Source data: Begin

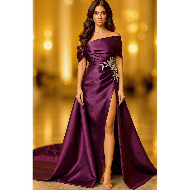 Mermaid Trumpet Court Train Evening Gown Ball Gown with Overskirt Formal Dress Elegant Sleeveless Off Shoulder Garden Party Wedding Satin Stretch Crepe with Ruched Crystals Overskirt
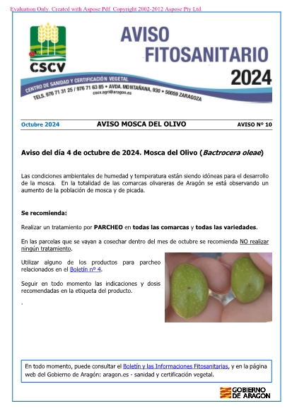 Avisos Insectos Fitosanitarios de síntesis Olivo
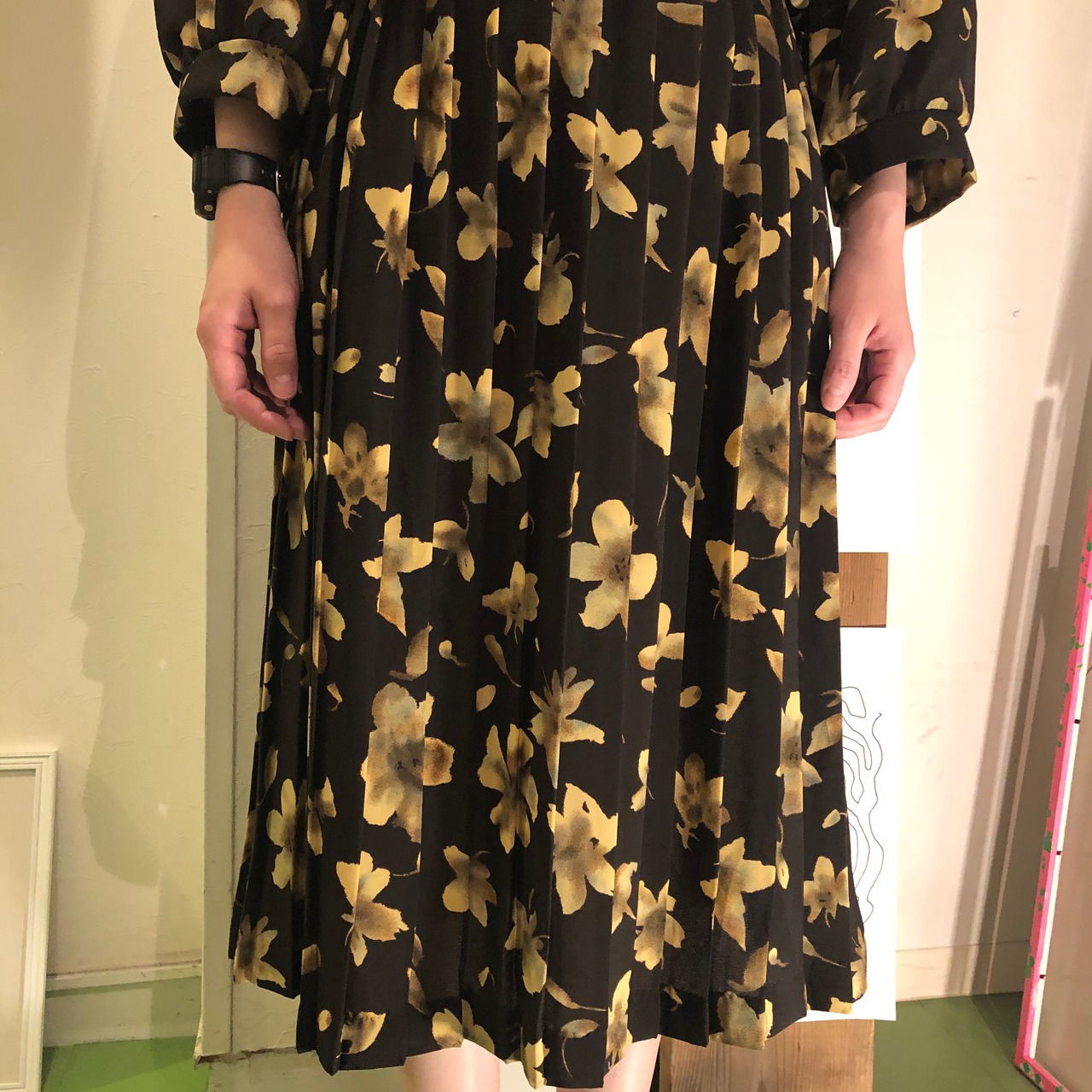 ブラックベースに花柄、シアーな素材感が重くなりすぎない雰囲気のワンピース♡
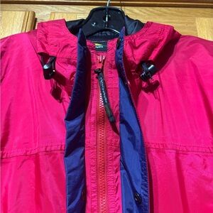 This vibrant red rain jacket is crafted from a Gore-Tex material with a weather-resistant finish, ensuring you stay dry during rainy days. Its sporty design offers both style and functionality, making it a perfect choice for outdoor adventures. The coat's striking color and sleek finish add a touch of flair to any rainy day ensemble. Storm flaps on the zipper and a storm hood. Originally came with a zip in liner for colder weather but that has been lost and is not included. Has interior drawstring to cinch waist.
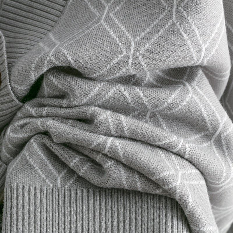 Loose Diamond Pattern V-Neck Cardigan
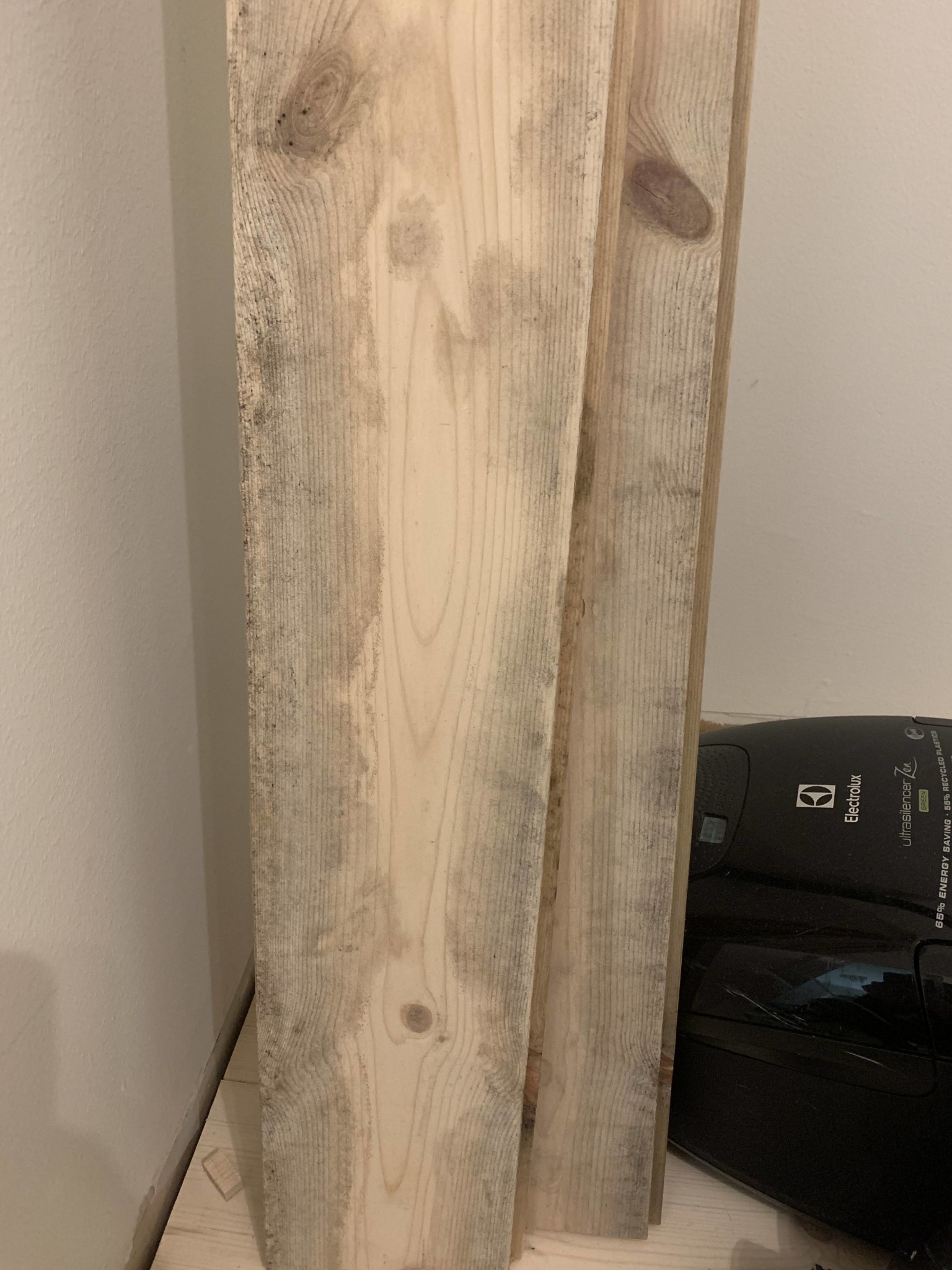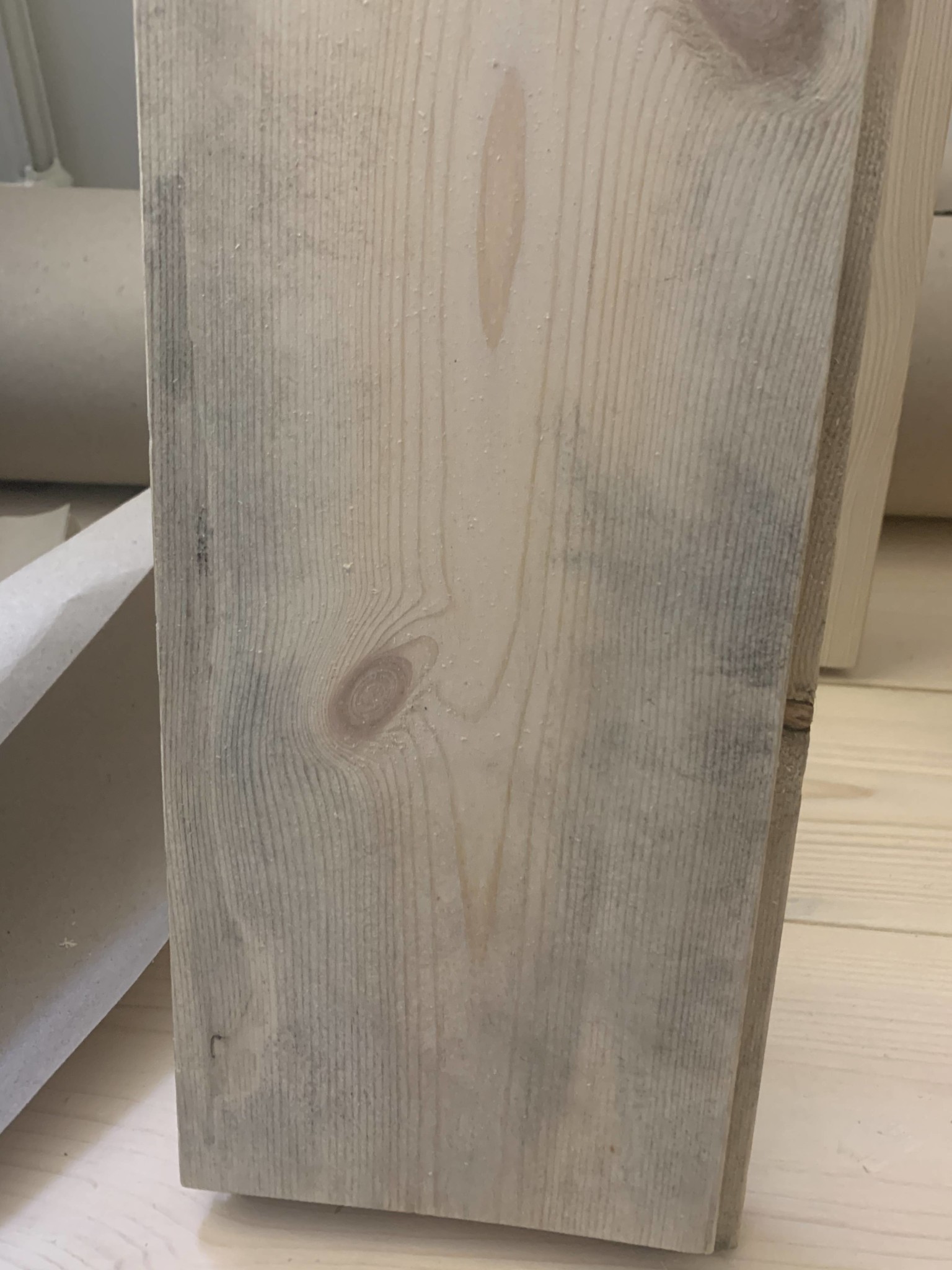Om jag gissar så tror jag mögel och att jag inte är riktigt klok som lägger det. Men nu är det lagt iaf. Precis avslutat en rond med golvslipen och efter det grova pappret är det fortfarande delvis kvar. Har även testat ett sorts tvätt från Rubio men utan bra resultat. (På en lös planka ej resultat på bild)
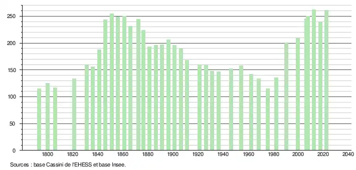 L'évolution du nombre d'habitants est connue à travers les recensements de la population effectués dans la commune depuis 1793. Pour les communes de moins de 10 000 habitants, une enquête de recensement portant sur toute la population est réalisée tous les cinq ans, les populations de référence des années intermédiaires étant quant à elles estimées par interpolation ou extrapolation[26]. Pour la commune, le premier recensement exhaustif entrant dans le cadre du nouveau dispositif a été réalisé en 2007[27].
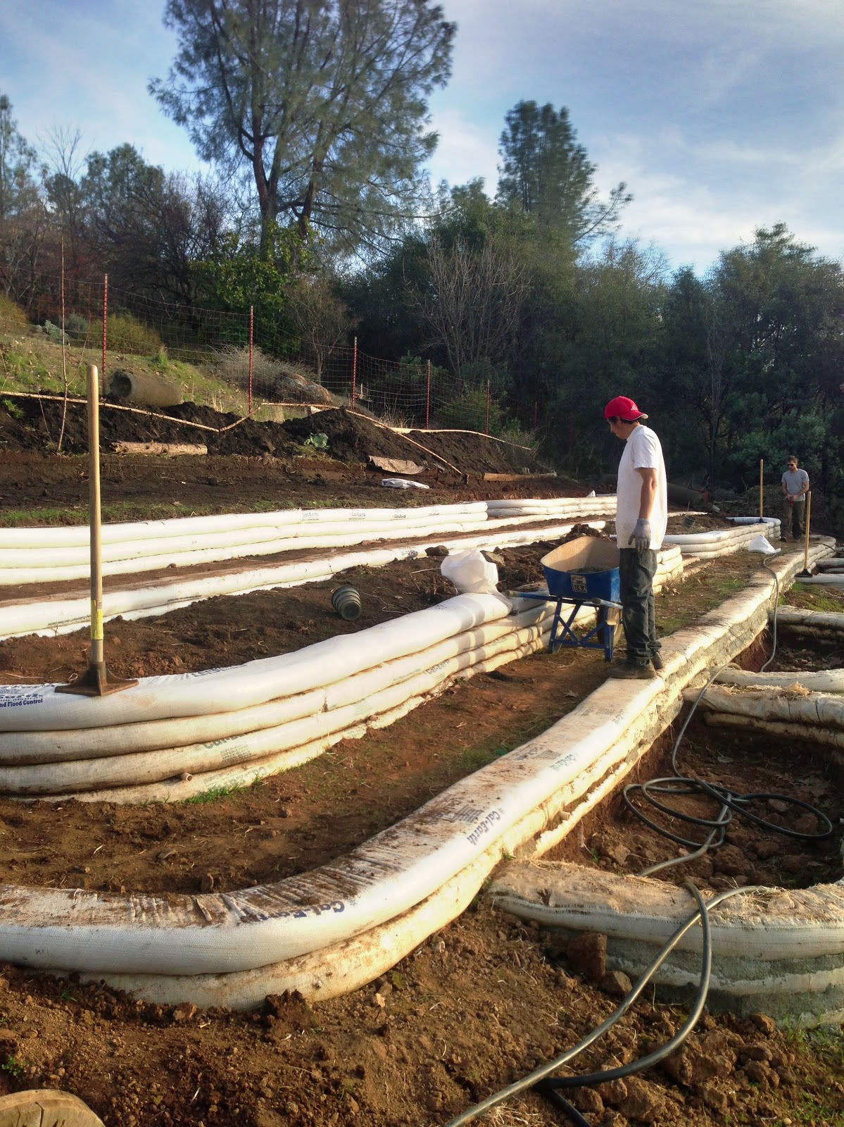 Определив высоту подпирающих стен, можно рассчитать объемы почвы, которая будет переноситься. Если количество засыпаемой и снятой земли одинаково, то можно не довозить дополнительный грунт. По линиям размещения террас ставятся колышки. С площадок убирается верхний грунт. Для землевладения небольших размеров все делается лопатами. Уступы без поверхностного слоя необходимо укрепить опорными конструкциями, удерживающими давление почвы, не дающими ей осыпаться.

Source data: End

▶ Work to complete
Leaving out the pictures, output each line above exactly as it is.

▶ Exercise answer
 Mermaid Trumpet Court Train Evening Gown Ball Gown with Overskirt Formal Dress Elegant Sleeveless Off Shoulder Garden Party Wedding Satin Stretch Crepe with Ruched Crystals Overskirt
 Avisos Insectos Fitosanitarios de síntesis Olivo
 ブラックベースに花柄、シアーな素材感が重くなりすぎない雰囲気のワンピース♡
 This vibrant red rain jacket is crafted from a Gore-Tex material with a weather-resistant finish, ensuring you stay dry during rainy days. Its sporty design offers both style and functionality, making it a perfect choice for outdoor adventures. The coat's striking color and sleek finish add a touch of flair to any rainy day ensemble. Storm flaps on the zipper and a storm hood. Originally came with a zip in liner for colder weather but that has been lost and is not included. Has interior drawstring to cinch waist.
 Loose Diamond Pattern V-Neck Cardigan
Om jag gissar så tror jag mögel och att jag inte är riktigt klok som lägger det. Men nu är det lagt iaf. Precis avslutat en rond med golvslipen och efter det grova pappret är det fortfarande delvis kvar. Har även testat ett sorts tvätt från Rubio men utan bra resultat. (På en lös planka ej resultat på bild)
 L'évolution du nombre d'habitants est connue à travers les recensements de la population effectués dans la commune depuis 1793. Pour les communes de moins de 10 000 habitants, une enquête de recensement portant sur toute la population est réalisée tous les cinq ans, les populations de référence des années intermédiaires étant quant à elles estimées par interpolation ou extrapolation[26]. Pour la commune, le premier recensement exhaustif entrant dans le cadre du nouveau dispositif a été réalisé en 2007[27].
 Определив высоту подпирающих стен, можно рассчитать объемы почвы, которая будет переноситься. Если количество засыпаемой и снятой земли одинаково, то можно не довозить дополнительный грунт. По линиям размещения террас ставятся колышки. С площадок убирается верхний грунт. Для землевладения небольших размеров все делается лопатами. Уступы без поверхностного слоя необходимо укрепить опорными конструкциями, удерживающими давление почвы, не дающими ей осыпаться.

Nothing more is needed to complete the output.